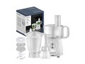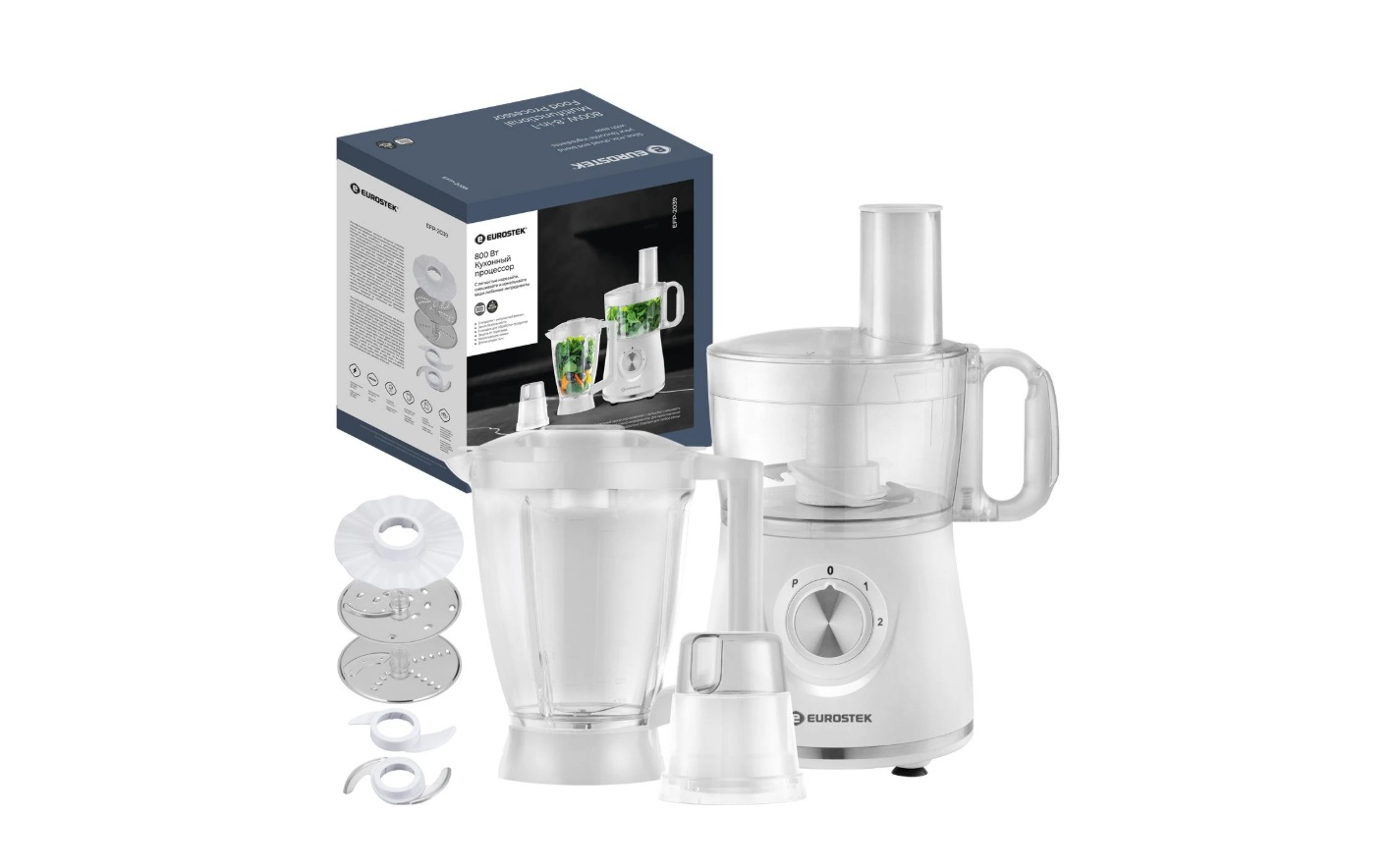 Максимальная мощность 800Вт; 2 скорости + режим "Pulse"; измельчитель 1.2л., блендер 1.75л., кофемолка 70гр, овощерезка, диск для шинковки, диск для картофеля фри, универсальный нож, эмульсионный диск для соусов и майонеза. Защитный замок. Стальной нержавеющий нож для измельчения. Электропитание 220-240 В., 50 Гц.
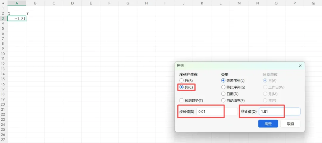 3. 窗口内完成三项配置:序列生产在【列】,步长值设置为0.01,终止值设为1.81;
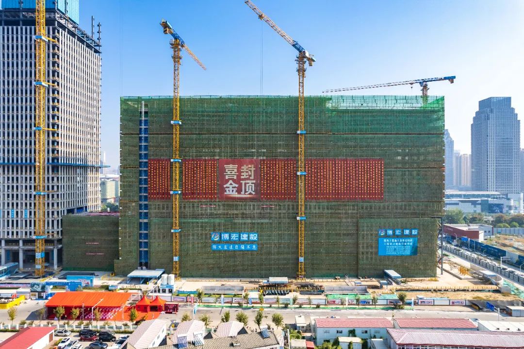 9月30日上午,由博宏建設集團承建的中南科研設計中心項目迎來副樓封頂!
= = = = =
:: TASK INSTRUCTIONS ::
Would you reproduce the listing above exactly, without any of its images?

:: EXPECTED OUTPUT ::
 Максимальная мощность 800Вт; 2 скорости + режим "Pulse"; измельчитель 1.2л., блендер 1.75л., кофемолка 70гр, овощерезка, диск для шинковки, диск для картофеля фри, универсальный нож, эмульсионный диск для соусов и майонеза. Защитный замок. Стальной нержавеющий нож для измельчения. Электропитание 220-240 В., 50 Гц.
 3. 窗口内完成三项配置:序列生产在【列】,步长值设置为0.01,终止值设为1.81;
 9月30日上午,由博宏建設集團承建的中南科研設計中心項目迎來副樓封頂!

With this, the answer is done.